Studies on the distribution of ribosomal proteins in mammalian ribosomal subunits.

Murine L5178Y cell ribosomes were dissociated into subunits either with potassium chloride in the presence of puromycin or with the chelating agent EDTA. The proteins of ribosomal subunits obtained by these different methods were compared by means of bidimensional polyacrylamide gel electrophoresis. KCl-derived 60S and 40S subunits were shown to contain 38 and 31 proteins respectively, 3 of them having identical electrophoretic mobilities. Preparations of EDTA-dissociated ribosomal subparticles contained different proportions of these proteins, and 11 major spots were shared between the EDTA-derived large and small ribosomal subunits. Furthermore, 10 proteins absent from subunits treated by high concentrations of KCl were reproducibly found in EDTA-treated ribosomal subparticles.

Characterization of proteins from nucleolar preribosomes of mouse leukemia cells by two-dimensional polyacrylamide gel electrophoresis.
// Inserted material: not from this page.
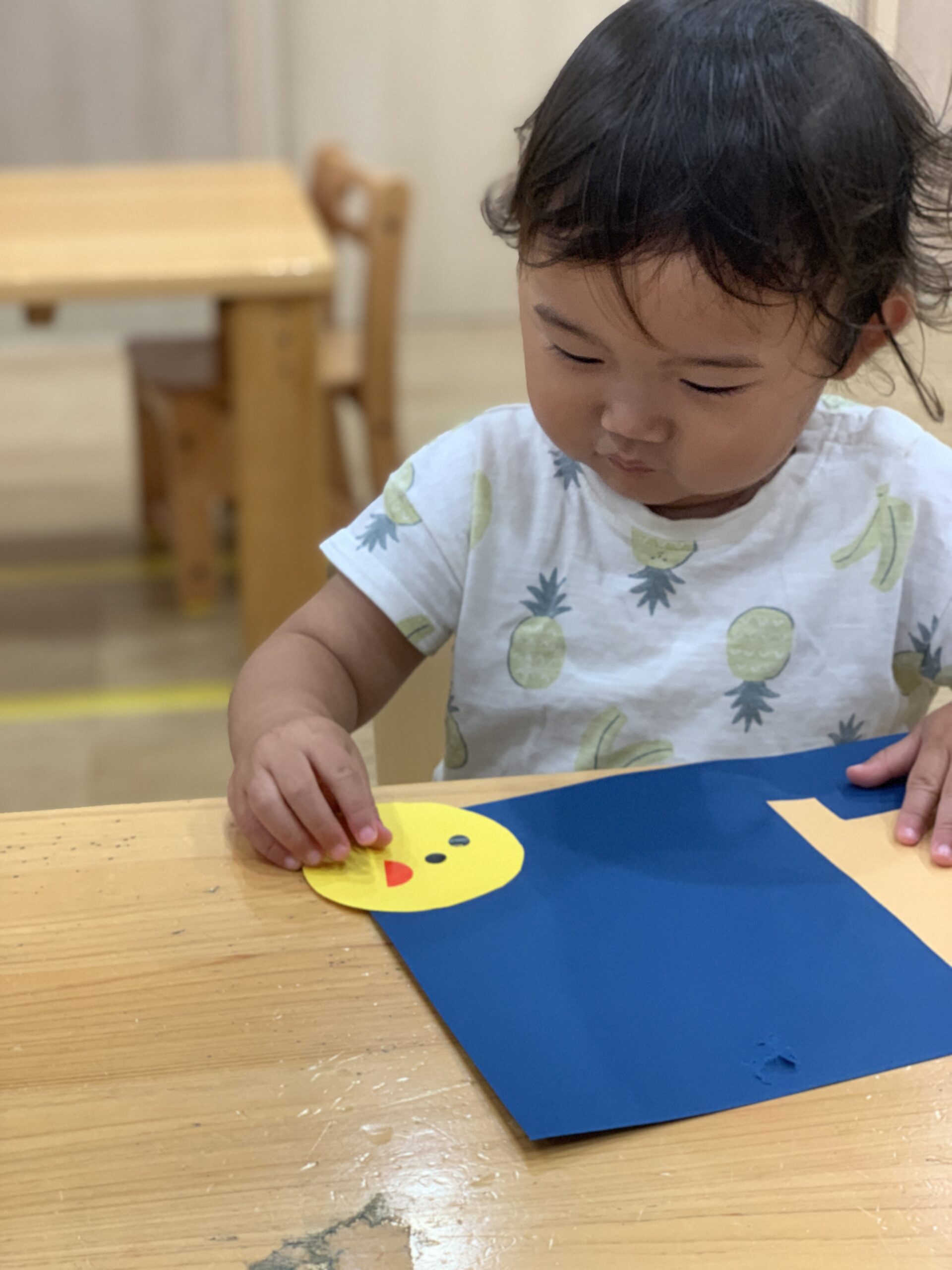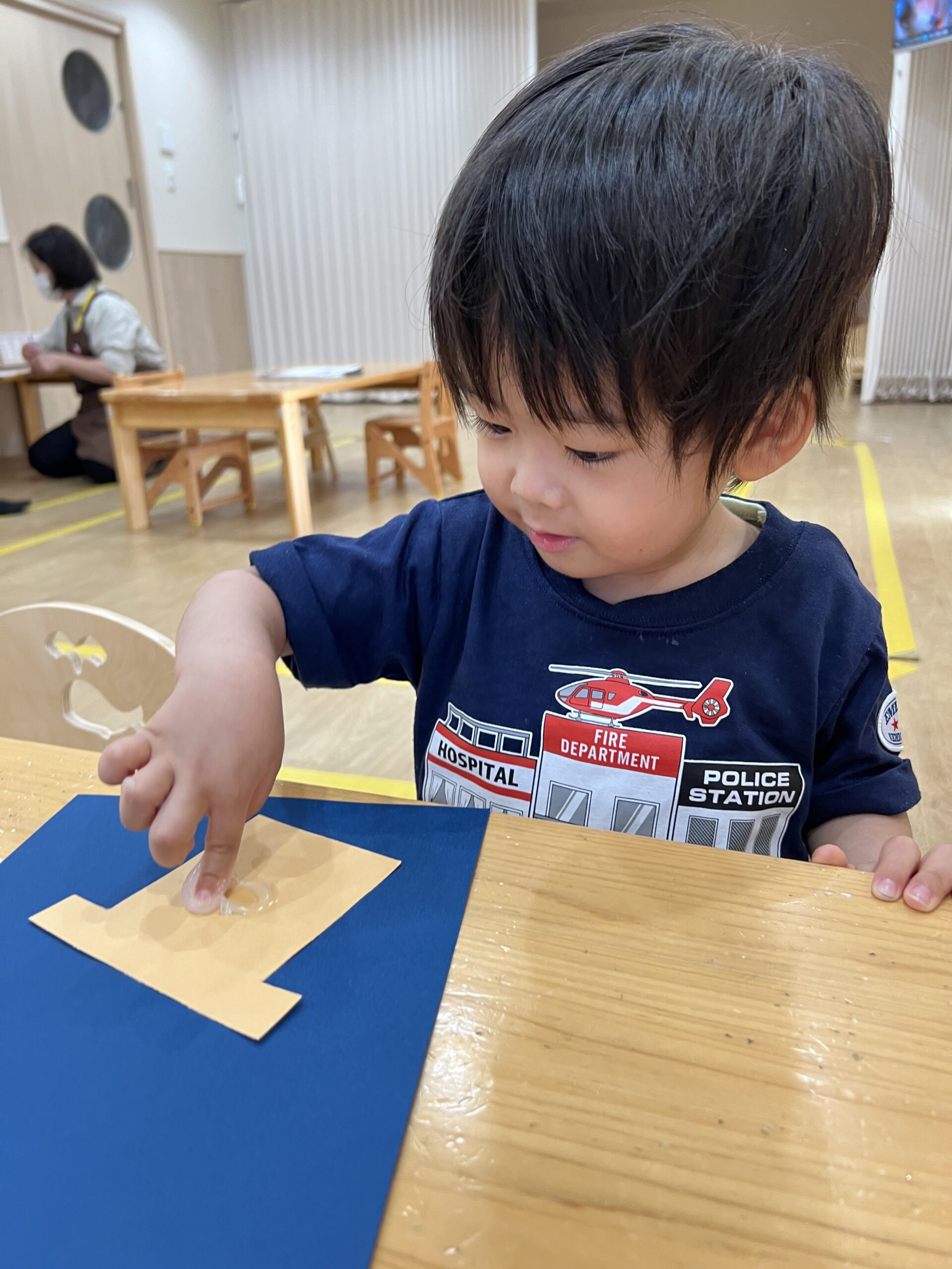 2歳児さんでは糊で張り付ける工程を自分の力で行いました。

Proteins of isolated 80-S and 60-S nucleolar preribosomal particles were characterized by means of two-dimensional polyacrylamide gel electrophoresis, in the lymphocytic mouse leukemia cells L5178Y. Their identification and metabolic relationships with ribosomal subunit proteins were investigated using co-electrophoresis of unlabeled polysomal proteins with labeled proteins of either nucleolar preribosomes or ribosomal subunits. The large and small ribosomal subunits contain 40 and 31 proteins, respectively. The nucleolar 80-S preribosomes were analysed after 2 and 5 h of incubation with tritiated valine and leucine and were shown to contain about 55 proteins. Most of them were identical to cytoplasmic ribosomal subunit proteins. The nucleolar 60-S preribosomes contain all the proteins which are common to 80-S preribosomes and large ribosomal subunits, and one additional protein (L10). The ribosomal proteins which were absent from nucleolar particles were found to be labeled in the cytoplasmic ribosomes after the same incubation period. Thus, in addition to the association of the bulk of ribosomal proteins with 45-S RNA within the 80-S preribosomes, results indicate that a group of ribosomal proteins and particularly from the small subunits, become associated at later stages of the maturation process of mammalian ribosomes. It was further shown that a set of 10 proteins, different from ribosomal polypeptides, were present in nucleolar preribosomal particles. Several of them were associated with polyribosomes in the cytoplasm, whereas the others were unique to the nucleolus.